-- What this task involves --
The answer should match the entries that follow exactly, except that no image appears in it.

-- Data shown --
+ + + +

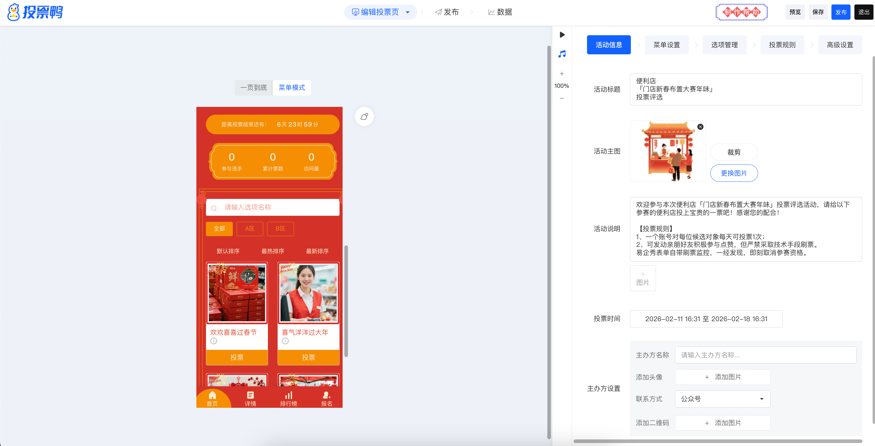 4)可视化极简编辑操作,使用模板创建投票活动,仅需按步骤、流程化的简单修改活动说明、编辑选手信息并设置好投票规则,即可轻松完成制作;
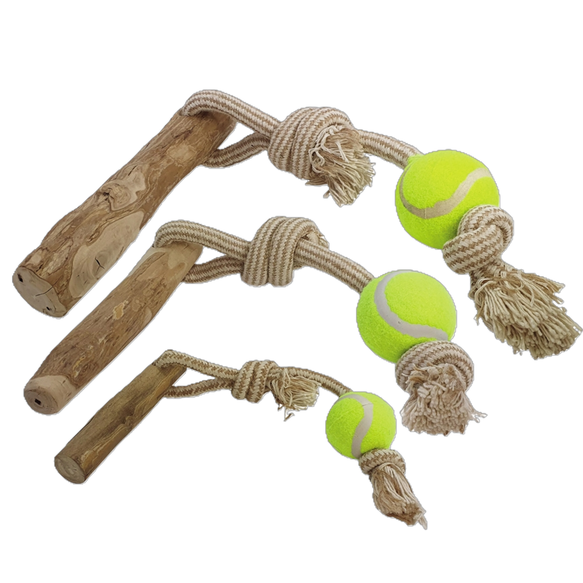 Unser Kaffeeholz mit Seil & Ball ist das ideale natürliche Kauspielzeug für Hunde, die gerne kauen, zerren und spielen! Gefertigt aus besonders hartem Holz des Kaffeebaums und kombiniert mit einem robusten Baumwoll-Hanfseil, bietet es gleich doppelt Beschäftigung – Kauen, Zerren und Spielen in einem.
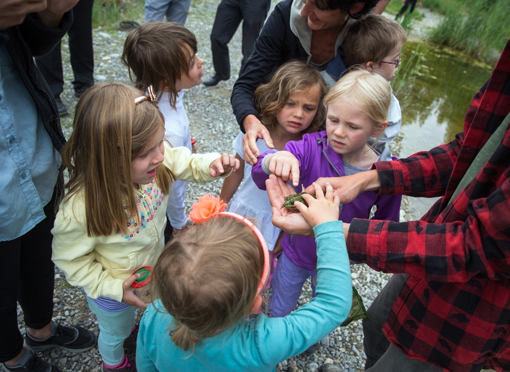 Das Schulzimmer im Freien: Fröschli streicheln in der Kiesgrube Rubigen
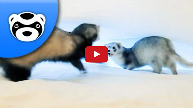 Two cute ferrets, Yossarian and Fuzz Lightyear, have a great time playing on and under a sheet while their owner attempts to make the bed.
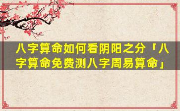 八字中阴阳 🐱 之分看法
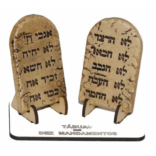 Tábuas Da Lei Dez Mandamentos Base Madeira Mdf Pequena
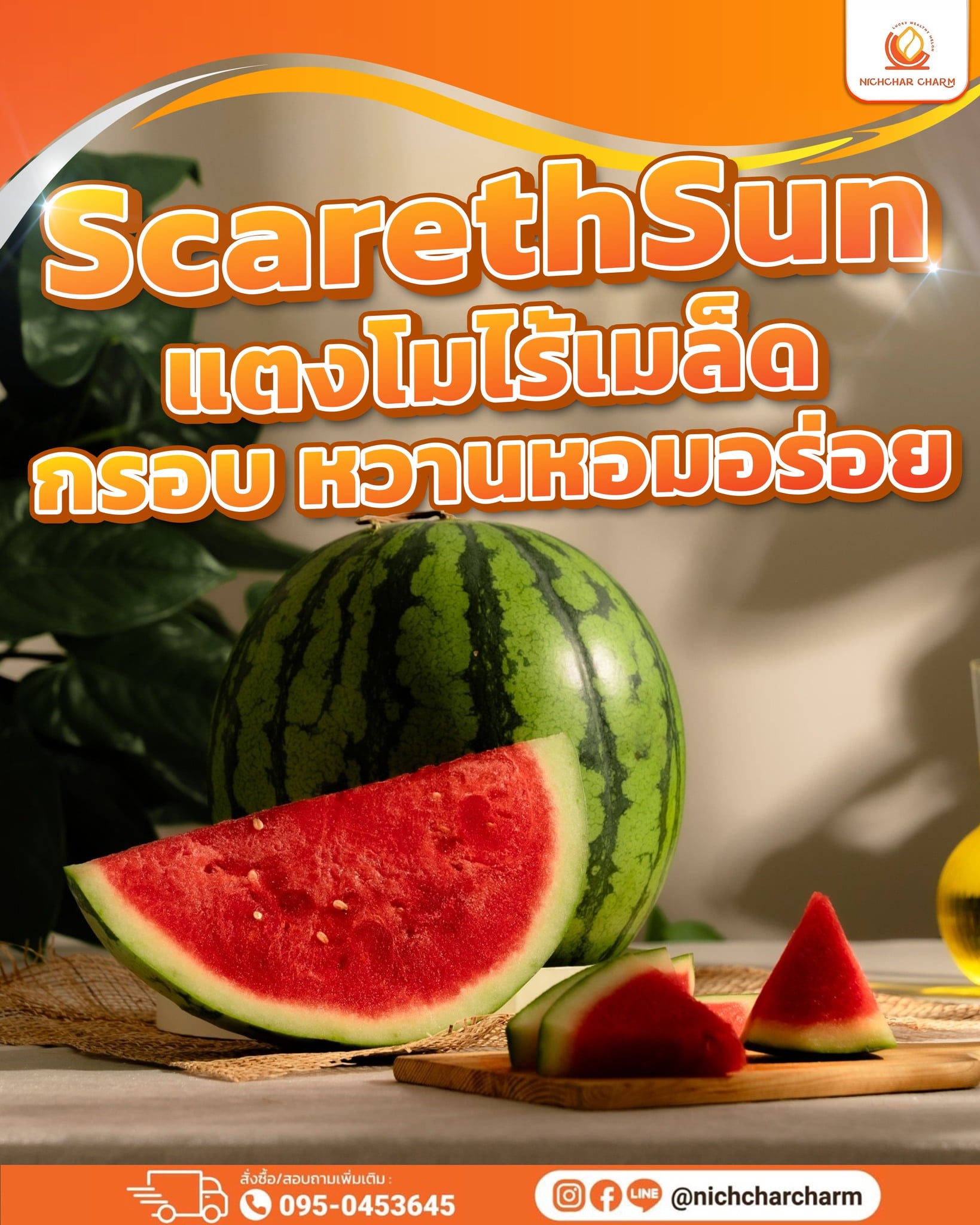 แตงโมไร้เมล็ด Scarleth Sun คัดสรรผลคุณภาพ เนื้อสีแดงเข้มฉ่ำตา โดดเด่นด้วยความหวานกำลังดี ไม่เลี่ยนจนเกินไป เคี้ยวแล้วรู้สึกสดชื่นทุกคำ กลิ่นหอมละมุนแบบธรรมชาติ ช่วยเติมพลังให้วันธรรมดากลายเป็นวันพิเศษ เหมาะทั้งกินเล่น คลายร้อน หรือเสิร์ฟในมื้อพิเศษกับครอบครัว
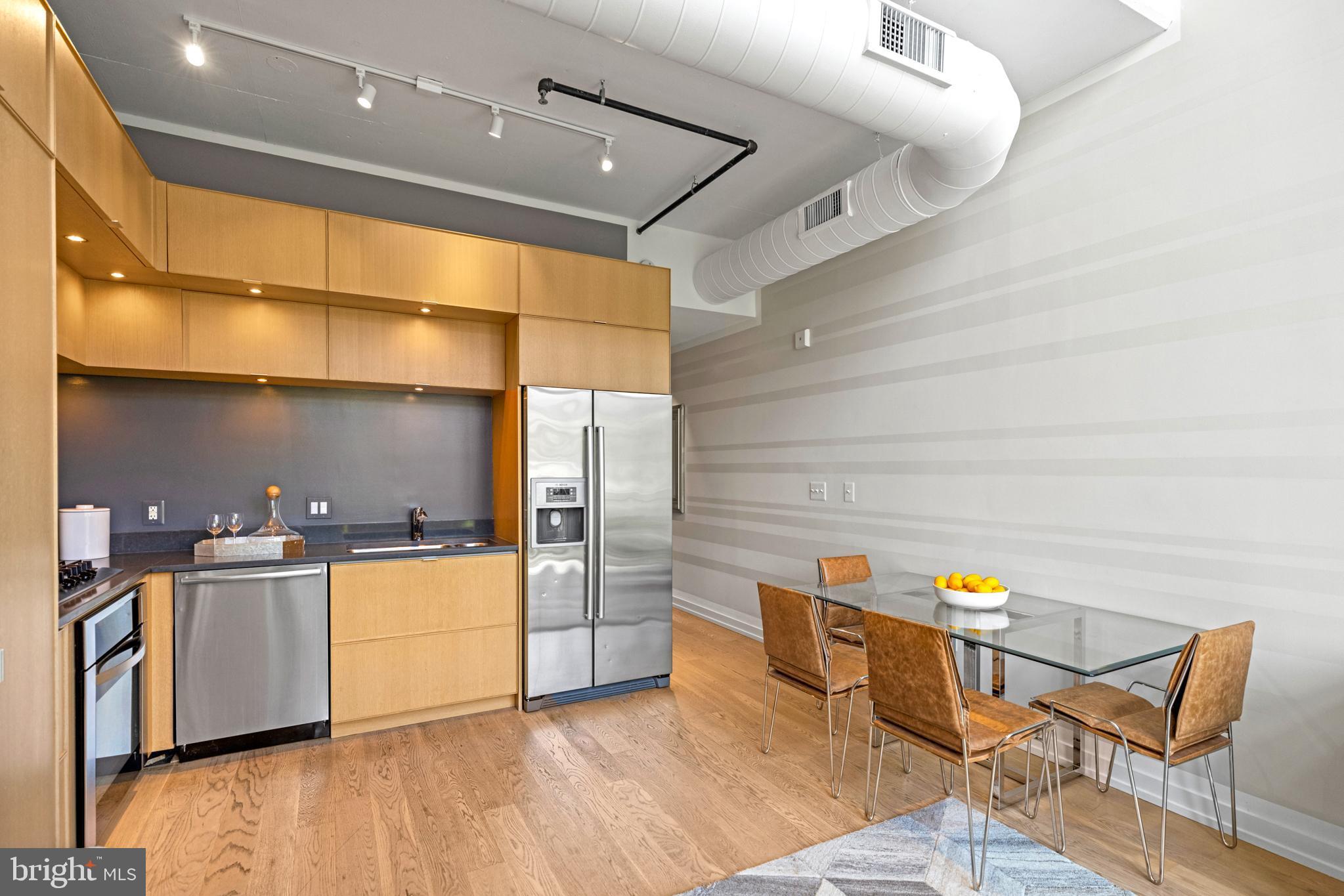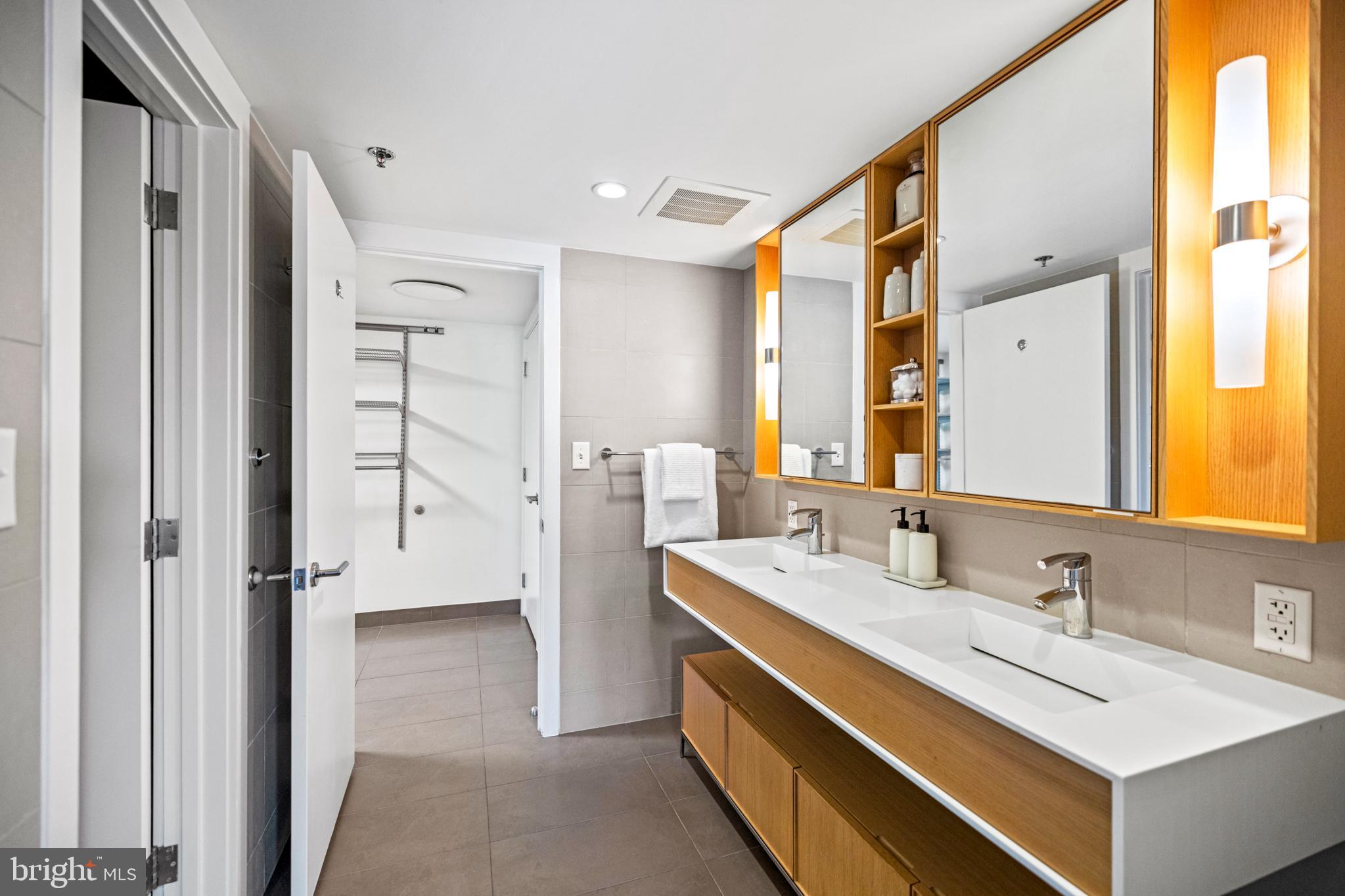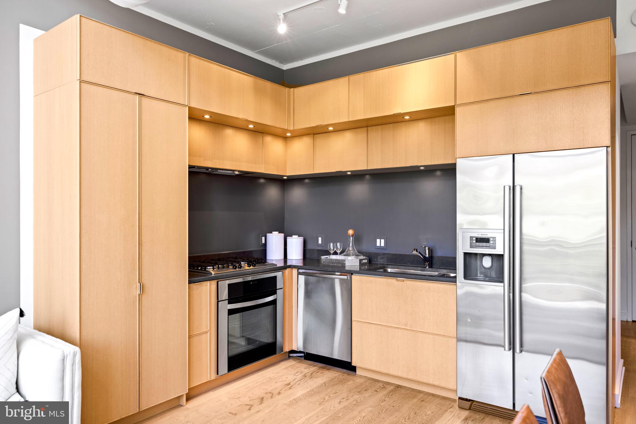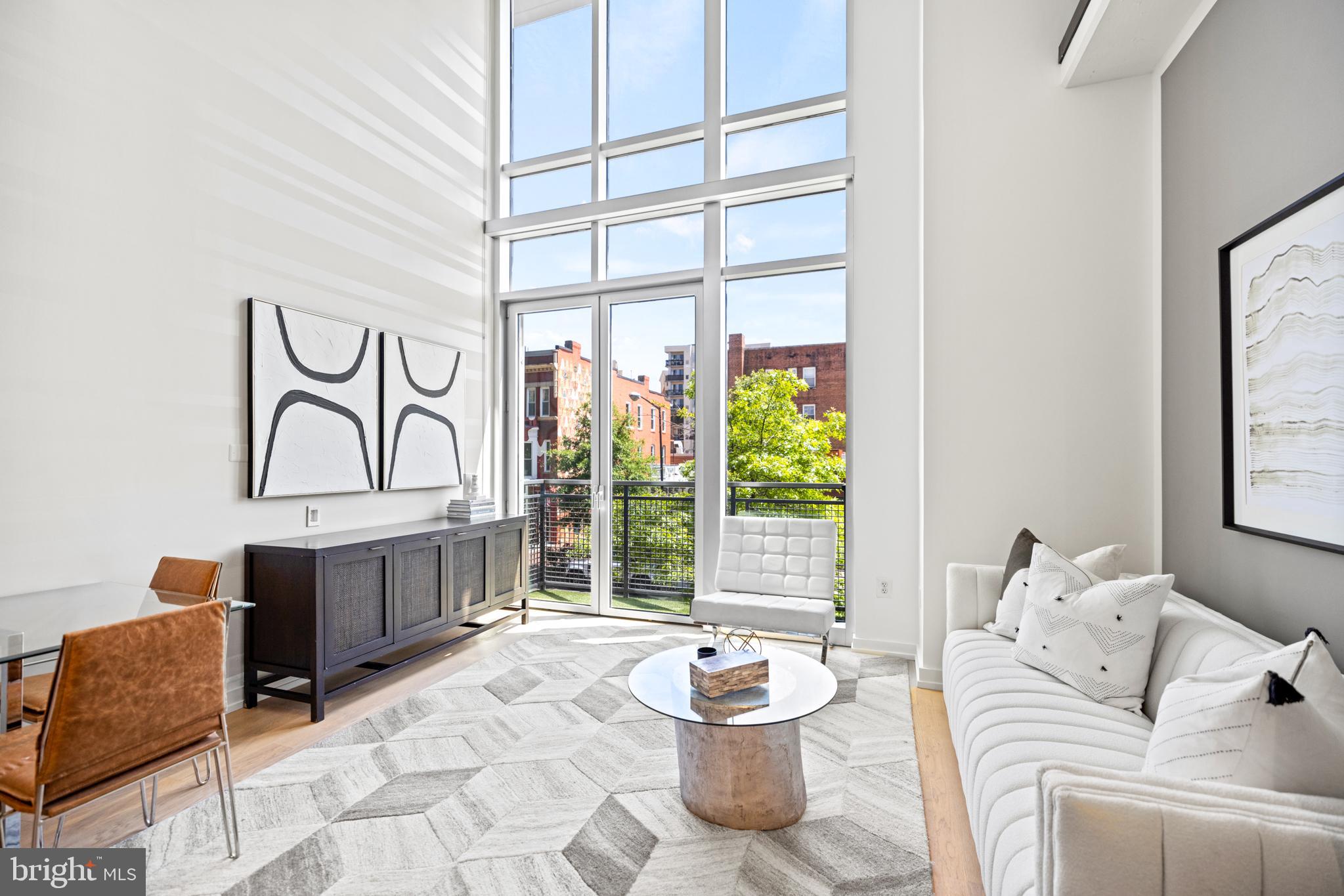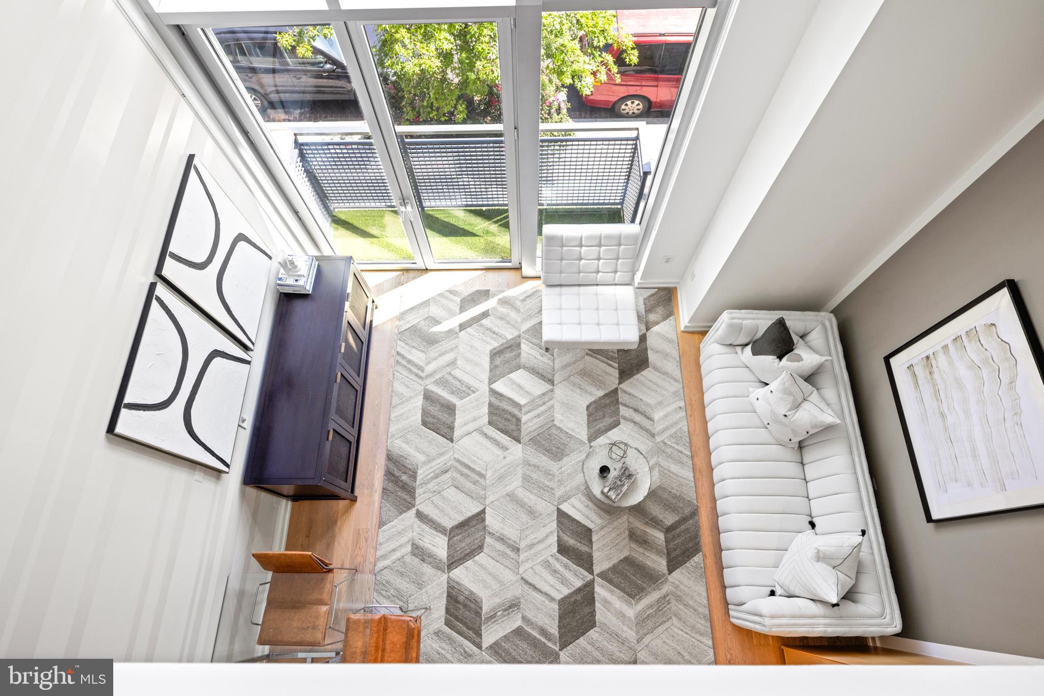 The Metropole | 2 Bed | 2.5 Bath | 1,350 Sf | 1 Juliet Balcony | 1 Garage EV Parking Space | Building: Full-Time Concierge, 2 Elevators, 2 Guest Bedrooms, 90 Residences, Built in 2008 | Unit: Open Main Living Layout, Vaulted Ceiling in Living Room, Exposed Ductwork & Concrete Ceilings, Track Lighting, Floor to Ceiling Windows, Custom Shades in Living Areas, Blackout Shades in Primary Suite, Large Walk-in Closets w/ Custom Storage Built-In, White Oak Hardwood Flooring, Full Size Bosch Washer & Dryer, Powder Bath on Main Level | Kitchen: Custom Oak Cabinetry w/ Under Cabinet Lighting, Quartz Countertops, Bosch Stainless Steel Appliances, French Door Refrigerator, Gas Range, Electrolux Oven, Full Size Dishwasher | Baths: Large Walk-in Glass Enclosed Shower & Double Vanity in Primary Bath, Mirrored Medicine Cabinets Throughout, Custom Vanities w/ Infinity Drain, Full Size Tub, Grohe Fixtures, Tile Walls & Flooring

+ + + +

-- Task solution --
 4)可视化极简编辑操作,使用模板创建投票活动,仅需按步骤、流程化的简单修改活动说明、编辑选手信息并设置好投票规则,即可轻松完成制作;
 Unser Kaffeeholz mit Seil & Ball ist das ideale natürliche Kauspielzeug für Hunde, die gerne kauen, zerren und spielen! Gefertigt aus besonders hartem Holz des Kaffeebaums und kombiniert mit einem robusten Baumwoll-Hanfseil, bietet es gleich doppelt Beschäftigung – Kauen, Zerren und Spielen in einem.
 Das Schulzimmer im Freien: Fröschli streicheln in der Kiesgrube Rubigen
 Two cute ferrets, Yossarian and Fuzz Lightyear, have a great time playing on and under a sheet while their owner attempts to make the bed.
 八字中阴阳 🐱 之分看法
 Tábuas Da Lei Dez Mandamentos Base Madeira Mdf Pequena
 แตงโมไร้เมล็ด Scarleth Sun คัดสรรผลคุณภาพ เนื้อสีแดงเข้มฉ่ำตา โดดเด่นด้วยความหวานกำลังดี ไม่เลี่ยนจนเกินไป เคี้ยวแล้วรู้สึกสดชื่นทุกคำ กลิ่นหอมละมุนแบบธรรมชาติ ช่วยเติมพลังให้วันธรรมดากลายเป็นวันพิเศษ เหมาะทั้งกินเล่น คลายร้อน หรือเสิร์ฟในมื้อพิเศษกับครอบครัว
 The Metropole | 2 Bed | 2.5 Bath | 1,350 Sf | 1 Juliet Balcony | 1 Garage EV Parking Space | Building: Full-Time Concierge, 2 Elevators, 2 Guest Bedrooms, 90 Residences, Built in 2008 | Unit: Open Main Living Layout, Vaulted Ceiling in Living Room, Exposed Ductwork & Concrete Ceilings, Track Lighting, Floor to Ceiling Windows, Custom Shades in Living Areas, Blackout Shades in Primary Suite, Large Walk-in Closets w/ Custom Storage Built-In, White Oak Hardwood Flooring, Full Size Bosch Washer & Dryer, Powder Bath on Main Level | Kitchen: Custom Oak Cabinetry w/ Under Cabinet Lighting, Quartz Countertops, Bosch Stainless Steel Appliances, French Door Refrigerator, Gas Range, Electrolux Oven, Full Size Dishwasher | Baths: Large Walk-in Glass Enclosed Shower & Double Vanity in Primary Bath, Mirrored Medicine Cabinets Throughout, Custom Vanities w/ Infinity Drain, Full Size Tub, Grohe Fixtures, Tile Walls & Flooring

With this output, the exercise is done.